Sorensen credited new school personnel “focused on supporting students and their families to create a safe and inclusive environment” as well as hiring “different teachers with higher expectations.” The school also scored a three-year, $5.8 million grant for a science and technology lab, professional development and social and emotional support programs.

“It’d been an impressive school reform effort all coalescing at the same time,” Sorensen said.

Sorensen said there are multiple academic options for students, including the IB honors and diploma program plus Advanced Placement (AP) classes and the Careers and Technical Education (CTE) courses that also offers media broadcasting and culinary arts.

Dickinson said her children, a son, Elliot, who’s in sixth grade, and her daughter, Natalie, a fourth-grader at LaSalle II — a magnet cluster school on the border of Wicker Park and East Village neighborhoods — will likely explore all high schools, including selective enrollment and neighborhood schools.

“Elliot told me last year that he wanted to go to high school with his friends. With Clemente, that’s a possibility. They have a lot of capacity to take on more students,” Dickinson said.

Dickinson added, “I do want to give Elliot and Natalie the space to test, tour schools, see what options they have and together make a decision that’s the best fit for them. Clemente is high on the list.”

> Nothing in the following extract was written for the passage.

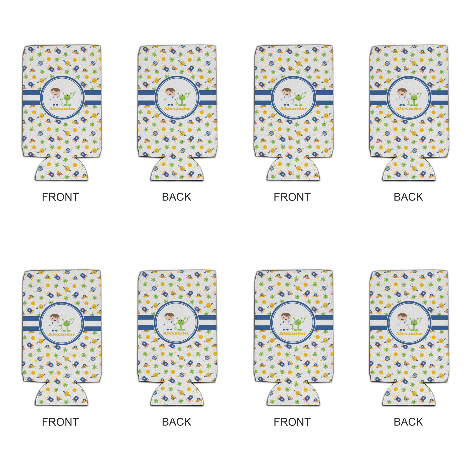 A blue and white band is placed in the middle of the design and used to showcase your little space traveler and his martian buddy. Add your own personalization for that special touch.
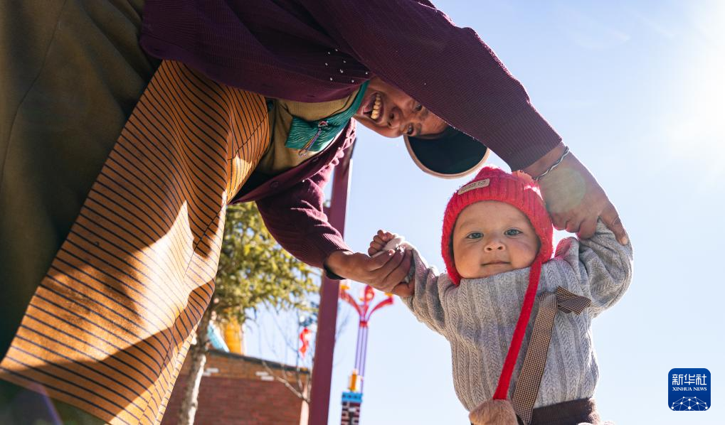 12月15日,達(dá)曼新村的一名婦女在教孩子走路。新華社記者 丁增尼達(dá) 攝 ??

About eight to 10 neighborhood schools in West Town and Humboldt Park feed into Clemente, and Sorensen said that in the past few years, more freshmen have been coming from Goethe, LaSalle II, Pulaski and Sabin elementary schools in Wicker Park, Bucktown and Logan Square, areas that are making Clemente’s students more diverse. The school’s current student demographics are 67.7 percent Hispanic, 29.7 percent black, 1.1 percent white and 1.4 percent other. Almost 94 percent are low-income students.

The school is underutilized with 780 students in a building the district says can handle 3,000. Enrollment bumped up from last year’s 766 student count, though Sorensen says the school’s optimal enrollment should be about 2,000.

“We want kids from all sides of Division [Street] to make Clemente their high school of choice,” Sorensen said.

Torres, who was interviewed at the school on Wednesday with three of her peers who are also on track to graduate, said, “More people should give Clemente a chance. Take it from us, we fell in love with it.”